Eso implica que, como mínimo, el 85 % de la reducción debe producirse dentro del territorio comunitario. La Comisión y el Consejo insisten en que esos créditos deberán basarse en proyectos creíbles y alineados con el Acuerdo de París.
La Ley Europea del Clima sigue marcando el objetivo intermedio: 55 % de rebaja en 2030 frente a 1990 y la meta final de neutralidad climática en 2050.
## Plazos y medidas operativas
La revisión incorpora plazos concretos para el uso de créditos internacionales. Solo desde 2036 será posible computar hasta el 5 % mediante compensaciones con países socios.
Además, el Consejo acordó retrasar un año la puesta en marcha del régimen ETS2, el sistema de comercio de emisiones que abarcará el transporte por carretera y la climatización de edificios. La entrada en vigor queda, por tanto, prevista para 2028.
Se introduce también un mecanismo de seguimiento más estricto, con evaluaciones periódicas para comprobar avances y ajustar medidas si es preciso.

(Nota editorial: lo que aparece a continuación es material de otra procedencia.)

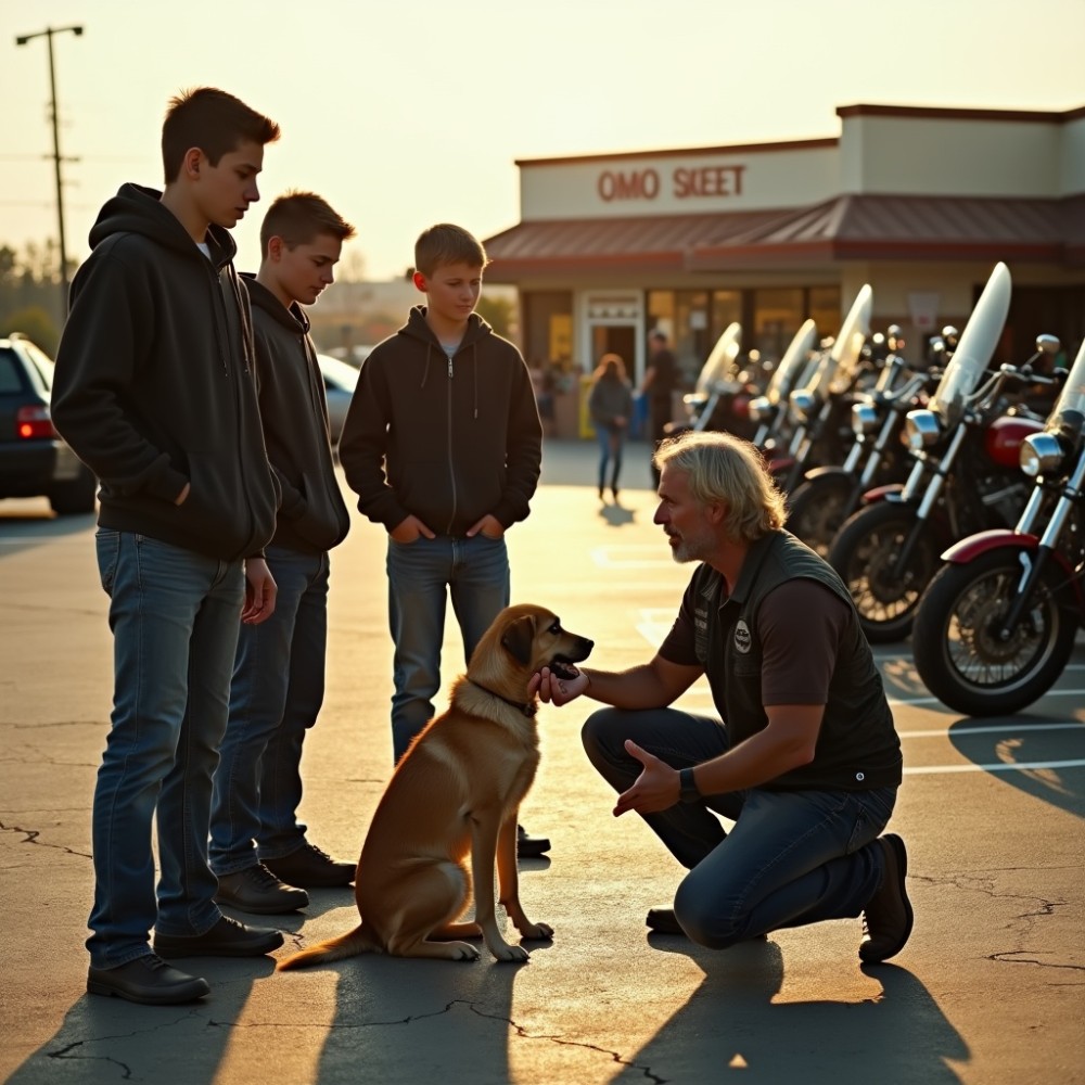 A kutya összerezzent, majd hátrált, de nem futott el. Talán túl éhes volt, talán túl reménykedő. A fiúk tekintete egyszerre sötétedett el — a veszélyes unalom lassú tüze gyúlt fel bennük.

El objetivo es garantizar coherencia entre los compromisos y la realidad de emisiones.
## Repercusiones políticas y económicas
La presidencia del Consejo, en boca de Maria Panayiotou, defendió el paquete como una señal de certidumbre para la industria, los consumidores y los inversores. Según el Ejecutivo comunitario, la claridad en los objetivos facilitará la inversión en tecnologías limpias.
- Seguridad regulatoria: mayor visibilidad para planes empresariales a largo plazo.
- Flexibilidad limitada: permite a Estados más reticentes aceptar el paquete.
- Dudas sobre créditos: los expertos recuerdan que las compensaciones deben supervisarse.
La noticia había generado preocupación en noviembre de 2025, cuando se filtró una posible flexibilización mayor. La versión final reduce esa inquietud al mantener intactos los números clave, aunque con la mencionada ventana para créditos externos.
## Lo que queda por ver
Quedan preguntas sobre la trazabilidad y la calidad de los créditos internacionales. El Consejo subraya que solo se aceptarán reducciones verificables y compatibles con el Acuerdo de París, pero el detalle técnico todavía deberá acordarse.
La demora del ETS2 abre un año adicional para preparar al sector del transporte y a las comunidades energéticas de los edificios. Esa prórroga puede aliviar tensiones, pero también retrasa señales de precio sobre las emisiones en esos sectores.
En definitiva, la UE avanza hacia un objetivo ambicioso con una mezcla de firmeza y concesiones técnicas. La revisión busca conciliar la ambición climática con la viabilidad política y económica de la transición.